The relationship between these two constants is worth noting: 200K / 50K = 4, meaning even if four tools each reach the per-tool ceiling, they're still safe within a single message. But if five or more parallel tools simultaneously return results near the ceiling, the message-level budget enforcement kicks in.
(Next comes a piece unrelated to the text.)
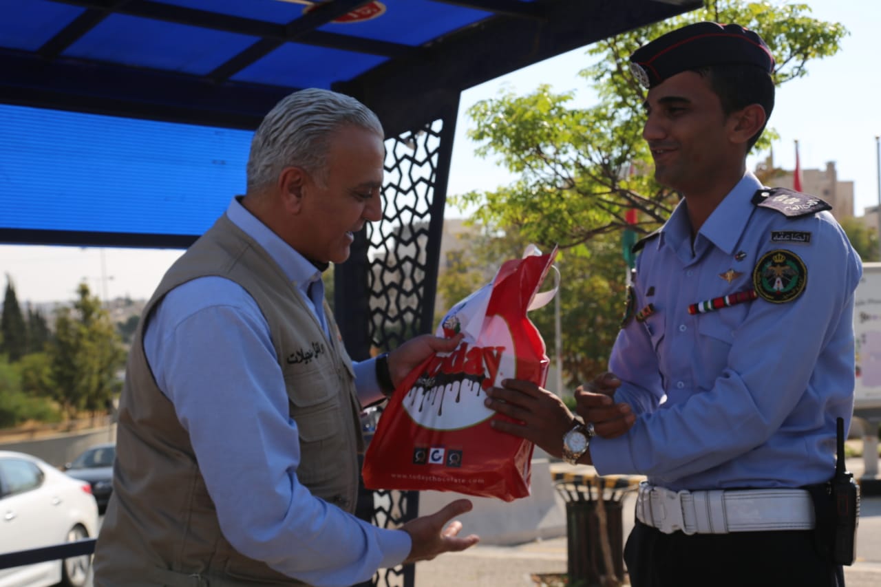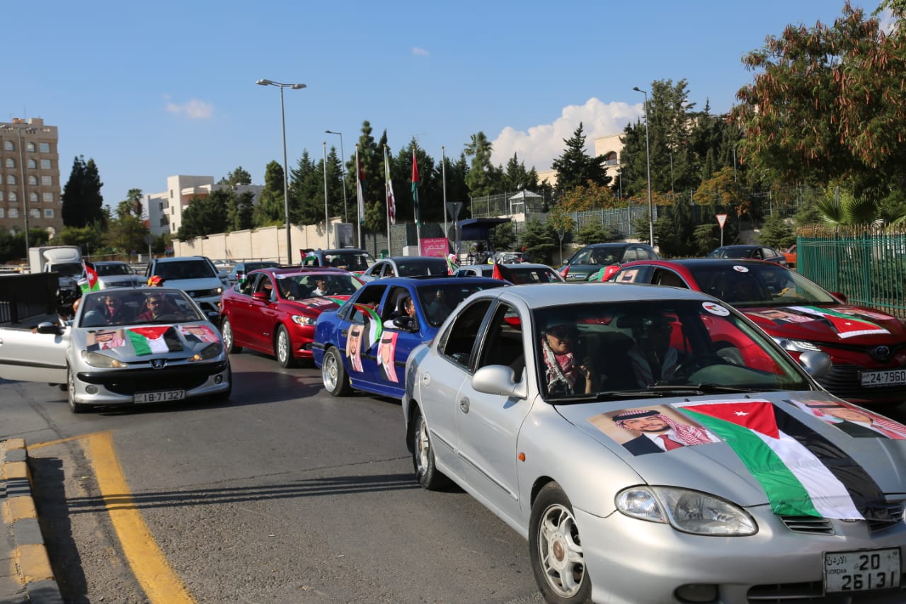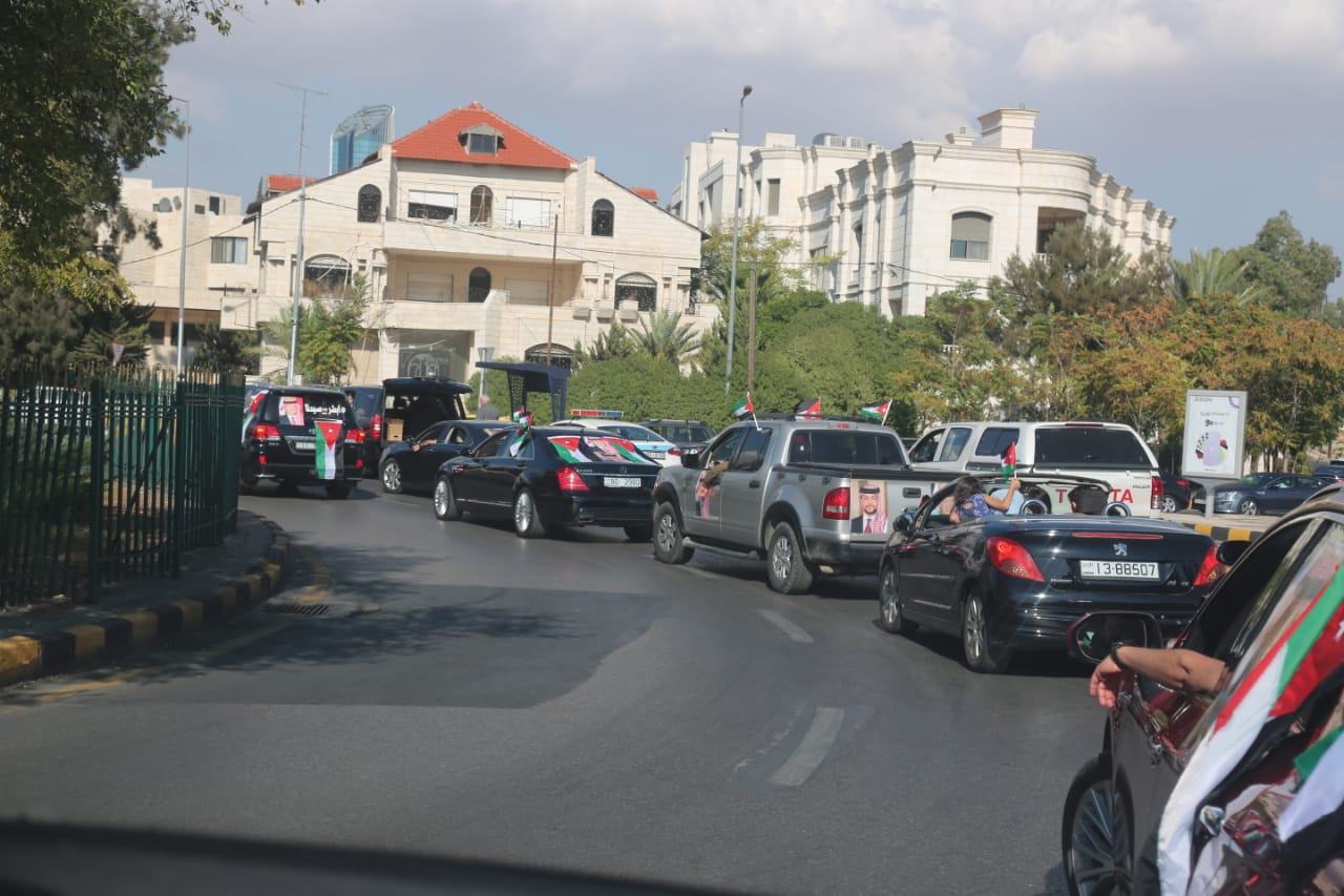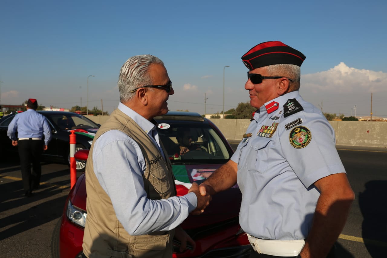 حيث انطلقت المبادرة بسيارات مزينه بإعلام الأردن وصور جلاله الملك بحوله ميدانية بمختلف مناطق العاصمه عمان شملت مرتبات السير والدوريات الخارجية.

Persistence Threshold Calculation

The per-tool persistence threshold isn't simply equal to 50K — it's a multi-layer decision:

// utils/toolResultStorage.ts:55-78
export function getPersistenceThreshold(
  toolName: string,
  declaredMaxResultSizeChars: number,
): number {
  // Infinity = hard opt-out
  if (!Number.isFinite(declaredMaxResultSizeChars)) {
    return declaredMaxResultSizeChars
  }
  const overrides = getFeatureValue_CACHED_MAY_BE_STALE<Record<
    string, number
  > | null>(PERSIST_THRESHOLD_OVERRIDE_FLAG, {})
  const override = overrides?.[toolName]
  if (
    typeof override === 'number' &&
    Number.isFinite(override) &&
    override > 0
  ) {
    return override
  }
  return Math.min(declaredMaxResultSizeChars, DEFAULT_MAX_RESULT_SIZE_CHARS)
}

This function's decision logic forms a priority chain:

Table 12-1: Per-Tool Persistence Threshold Priority Chain

The first priority is particularly interesting: the Read tool sets its maxResultSizeChars to Infinity, meaning it's never persisted. Source comments (lines 59-61) explain the reason — if the Read tool's output were persisted to a file, the model would need to call Read again to read that file, creating a loop. The Read tool controls output size through its own maxTokens parameter and doesn't rely on the general persistence mechanism.

Persistence Flow

When a tool result exceeds the threshold, the maybePersistLargeToolResult function executes the following flow:

flowchart TD
    A["Tool execution completes, produces result"] --> B{"Is result content empty?"}
    B -->|Yes| C["Inject placeholder text<br/>(toolName completed with no output)"]
    B -->|No| D{"Contains image blocks?"}
    D -->|Yes| E["Return as-is<br/>(images must be sent to the model)"]
    D -->|No| F{"size <= threshold?"}
    F -->|Yes| G["Return as-is"]
    F -->|No| H["persistToolResult()<br/>Write to disk file, generate 2KB preview"]
    H --> I["buildLargeToolResultMessage()<br/>Build substitute message:<br/>persisted-output file path + preview"]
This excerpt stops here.